In the meantime, Bob refuses to let the magazine publish anything about Helen, and is consequently fired. In a frantic final act, Helen and Rudy are driving to the airport, while Frank, after being released, has not understood that Sylvia has learned the truth, and so has decided to quit everything and run off to Hawaii with Gretchen; at the same time, Bob is chasing after Helen, and Sylvia is chasing after Frank. During the chase, while constantly changing places on the two cars and two cabs involved, and while eluding a zealous cop's attempts at stopping them, the three couples clarify their feelings for each other, and at the airport, Frank and Sylvia reconcile and depart for Fiji, Rudy and Gretchen console themselves with a trip together to Hawaii, and Helen forgives Bob, who has already found a new job with Dirt magazine, and the two of them fly to Las Vegas to marry.

==Cast==
- Tony Curtis as Bob Weston, managing editor of Stop magazine
- Natalie Wood as Dr. Helen Brown, psychologist and author of Sex and the Single Girl
- Henry Fonda as Frank Broderick, owner of a stocking manufacturing firm, Bob's friend
- Lauren Bacall as Sylvia Broderick, Frank's wife
- Mel Ferrer as Rudy DeMeyer, psychiatrist, Helen's colleague
- Fran Jeffries as Gretchen, Bob's girlfriend
- Leslie Parrish as Susan, Bob's secretary
- Edward Everett Horton as the chief of Stop magazine
- Larry Storch as the motorcycle cop
- Stubby Kaye as Helen's cabbie
- Otto Kruger as Dr.
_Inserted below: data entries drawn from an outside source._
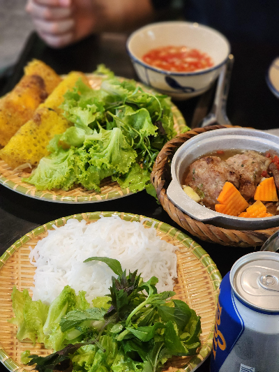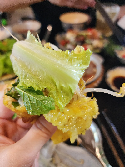 사진에서만 등장하는 돼지고기 튀김... 베트남 상추는 엄청 어린 잎이라 달달하니 맛나더라고요. 깔끔하고 인스타 감성 돋는 레스토랑에서 꼭 먹어봐야할 베트남 메뉴를 즐길 수 있으니까요. 저처럼 향신료 향에 예민하신 분들에게도 추천하는 곳입니다!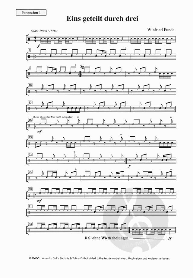 Eins geteilt durch Drei für Schlagzeug-Trio von Winfried Funda Drei Spieler teilen sich ein Schlagzeug. Jeder benötigt zusätzlich einen Hocker und ein Notenpult. Sinnvoll ist auch eine Doppelfußmaschine, dann kann das Stück fetziger gespielt werden. Spieler eins übernimmt Snare-Drum und Hi-Hat. Spieler zwei bekommt drei Tom-Toms und das Ride-Becken. Spieler drei spielt auf der Bass-Drum und dem Crash-Becken.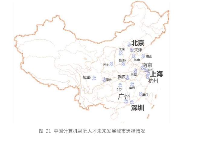 1. 九成计算机视觉人才选择国内一线城市为未来意向发展城市。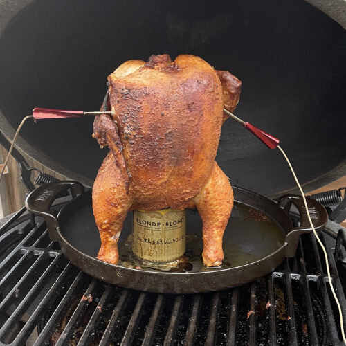Zet het bierblik op de gril en schuif de kip er met zijn kont overheen.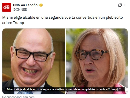 Segunda vuelta por la alcaldía de Miami enfrenta a candidata demócrata y republicano en contienda influida por Trump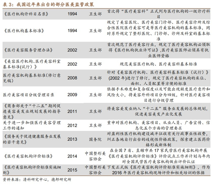 从2002年起国家陆续发布医疗美容服务管理办法、机构标准和分级管理目录,出台了医美机构评价标准及细则,并对医美器械药品进行更加严格的管控。2016年,中国整形美容协会成立,标志着医美服务机构正式进入合规化时代。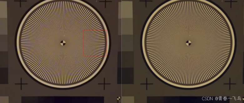 但是边缘增强,并不是越强越好,如下图可以看到,右边锐化后结果图像,红框位置出现了明显黑白边异常,因此调整边缘增强时候,需要主要各个频段增强系数,避免图像异常。

Anderson
- Barbara Bouchet as photographer at the anniversary party (uncredited)

==Awards==

| Award | Category | Subject | Result |
|---|---|---|---|
| Laurel Awards^{[citation needed]} | Top Female Comedy Performance | Natalie Wood | 5th |

==Reaction==
The film was a box-office success and one of the top 20 highest-grossing films of 1964. The Time Out Film Guide 2009 described the film as a "coyly leering comedy ... graceless stuff, criminally wasting Bacall and Fonda as a couple with marital problems ... with Quine's moderate flair for comedy nowhere in evidence" and, according to Halliwell's Film & Video Guide, with "noise substituting for wit and style". On the review aggregator website Rotten Tomatoes, 50% of 6 critics' reviews are positive.